On 18 June 2013, he was awarded an Honorary Master Diploma in Fashion Management from Domus Academy in Milan, during a ceremony after which he held a lectio magistralis.

==Personal life and death==
In 1964, Cavalli married Silvanella Giannoni, with whom he had two children, before their divorce in 1974.

In 1977, while serving as a judge at the Miss Universe pageant, he met contestant Eva Düringer, whom he married in 1980. Together, they had three children and Düringer became his business partner. They worked together until selling the business. They divorced in 2010.

In 2023, Cavalli announced the birth of his sixth child, with his partner, Swedish model and actress Sandra Nilsson.

Cavalli died at his home in Florence, Italy, on 12 April 2024, aged 83, following a long period of ill-health.

==Brand==
As of January 2014, Cavalli returned to the role of men's creative director from his son, Daniele Cavalli, starting with the 2014 fall collection, appointing Martyn Bal as his righthand man. Also, on 24 January 2014, Gianluca Brozzetti (CEO) and Carlo Di Biagio (COO) announced they were leaving the fashion brand.

In May 2014, Cavalli approached Investcorp, an investment firm in the Persian Gulf, as a potential buyer of a stake in his fashion brand.

Many leading models have worked for the brand: Jessica Stam, Eva Riccobono, Laetitia Casta, Natasha Poly, Mariacarla Boscono, Karen Elson, Karolina Kurkova, and Ivan Olita among others.

Former Acne Studios creative consultant Paul Surridge succeeded Peter Dundas as creative director for the brand in May 2017.

In 2019, DAMAC Properties's Hussain Sajwani completed the acquisition of Italian fashion group Roberto Cavalli.

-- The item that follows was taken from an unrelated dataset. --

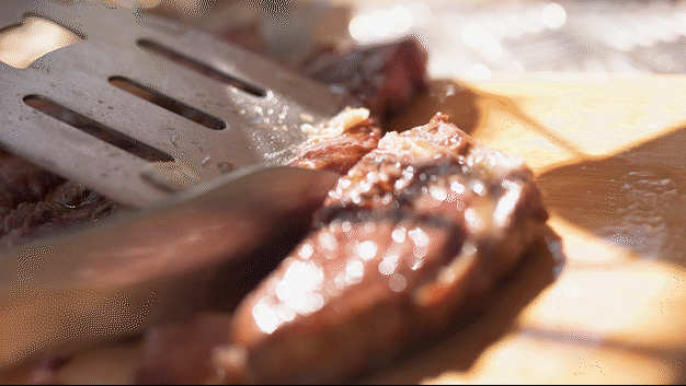 大きいお肉を焼いていて焼き具合を確認したいとき、お箸やターナーに比べて安定して確認することができます。
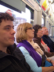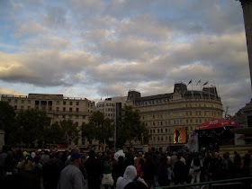 We got to see the changing over of the 4th Plinth 'One and Other'- as we watched we saw a man in a kilt going on and joked about who would win in a competition between a bagpiper and the Indian music playing on loudspeakers. Then he pulled a bagpipe out of his case!

In May 2026 Marquee Brands acquired Roberto Cavalli from DAMAC Properties.

==Criticism==
Cavalli was sharply criticized in 2004 by the Hindu community for marketing a line of feminine underwear (designed for Harrods) which featured the images of Hindu goddesses. The line was eventually withdrawn and formal apologies were made.

The Maktab Tarighat Oveyssi Shahmaghsoudi school of Islamic Sufism accused Cavalli of copying their "sacred emblem" for branding the Just Cavalli line. The Sufi school brought forth a proceeding in Europe to the Office for Harmonization in the Internal Market (OHIM). "On 16 May 2014, the OHIM pronounced itself in the first degree rejecting the request made by the School to invalidate the Just Cavalli logo. The Court stated that the two logos are not mistakable and do not present any similarities." Nonetheless, students of the Sufi school continued their protest.